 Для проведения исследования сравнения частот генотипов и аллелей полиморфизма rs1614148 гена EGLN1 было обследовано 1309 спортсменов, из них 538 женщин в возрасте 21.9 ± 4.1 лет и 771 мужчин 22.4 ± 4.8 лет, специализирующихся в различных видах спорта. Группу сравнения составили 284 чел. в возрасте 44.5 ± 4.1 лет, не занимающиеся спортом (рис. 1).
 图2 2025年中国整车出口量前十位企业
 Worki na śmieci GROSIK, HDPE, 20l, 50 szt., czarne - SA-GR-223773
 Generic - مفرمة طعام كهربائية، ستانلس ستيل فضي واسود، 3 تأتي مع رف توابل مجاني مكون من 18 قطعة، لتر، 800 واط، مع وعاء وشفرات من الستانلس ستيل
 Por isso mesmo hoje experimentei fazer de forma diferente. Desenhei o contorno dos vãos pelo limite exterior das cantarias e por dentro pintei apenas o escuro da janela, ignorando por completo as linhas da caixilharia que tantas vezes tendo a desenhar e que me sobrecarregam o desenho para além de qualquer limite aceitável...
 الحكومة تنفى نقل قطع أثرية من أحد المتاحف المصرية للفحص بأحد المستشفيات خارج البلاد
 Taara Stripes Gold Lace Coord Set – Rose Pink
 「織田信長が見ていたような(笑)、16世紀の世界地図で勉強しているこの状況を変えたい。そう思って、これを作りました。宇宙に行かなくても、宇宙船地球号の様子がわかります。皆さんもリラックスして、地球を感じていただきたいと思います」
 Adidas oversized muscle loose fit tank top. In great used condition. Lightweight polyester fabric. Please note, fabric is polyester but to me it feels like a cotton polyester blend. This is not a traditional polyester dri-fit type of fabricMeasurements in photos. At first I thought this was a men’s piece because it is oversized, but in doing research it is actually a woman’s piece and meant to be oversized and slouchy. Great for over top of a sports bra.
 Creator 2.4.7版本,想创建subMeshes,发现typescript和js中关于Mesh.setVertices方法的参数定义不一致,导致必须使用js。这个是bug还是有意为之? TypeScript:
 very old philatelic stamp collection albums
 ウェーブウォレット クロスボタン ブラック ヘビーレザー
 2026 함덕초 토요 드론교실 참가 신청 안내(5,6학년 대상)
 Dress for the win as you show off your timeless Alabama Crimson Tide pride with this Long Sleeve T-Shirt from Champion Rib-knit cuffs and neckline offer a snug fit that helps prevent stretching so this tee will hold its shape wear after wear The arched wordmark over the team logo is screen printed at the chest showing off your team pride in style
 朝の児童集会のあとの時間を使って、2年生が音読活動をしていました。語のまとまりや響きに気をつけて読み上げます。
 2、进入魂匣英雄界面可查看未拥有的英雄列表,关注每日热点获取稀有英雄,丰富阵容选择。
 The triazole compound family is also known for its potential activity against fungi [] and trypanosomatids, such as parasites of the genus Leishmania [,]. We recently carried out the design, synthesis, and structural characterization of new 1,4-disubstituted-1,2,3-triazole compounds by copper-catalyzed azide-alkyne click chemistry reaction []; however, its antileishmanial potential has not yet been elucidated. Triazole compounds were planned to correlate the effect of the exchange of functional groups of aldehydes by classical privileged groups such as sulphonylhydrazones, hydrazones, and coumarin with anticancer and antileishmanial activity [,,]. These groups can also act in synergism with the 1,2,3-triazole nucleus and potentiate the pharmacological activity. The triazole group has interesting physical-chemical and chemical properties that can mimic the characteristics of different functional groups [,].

§ Assignment
The range runs from the line above containing "very old philatelic stamp collection albums" to the line containing "2、进入魂匣英雄界面可查看未", inclusive. Restate those lines word for word and no others.

§ Task solution
 very old philatelic stamp collection albums
 ウェーブウォレット クロスボタン ブラック ヘビーレザー
 2026 함덕초 토요 드론교실 참가 신청 안내(5,6학년 대상)
 Dress for the win as you show off your timeless Alabama Crimson Tide pride with this Long Sleeve T-Shirt from Champion Rib-knit cuffs and neckline offer a snug fit that helps prevent stretching so this tee will hold its shape wear after wear The arched wordmark over the team logo is screen printed at the chest showing off your team pride in style
 朝の児童集会のあとの時間を使って、2年生が音読活動をしていました。語のまとまりや響きに気をつけて読み上げます。
 2、进入魂匣英雄界面可查看未拥有的英雄列表,关注每日热点获取稀有英雄,丰富阵容选择。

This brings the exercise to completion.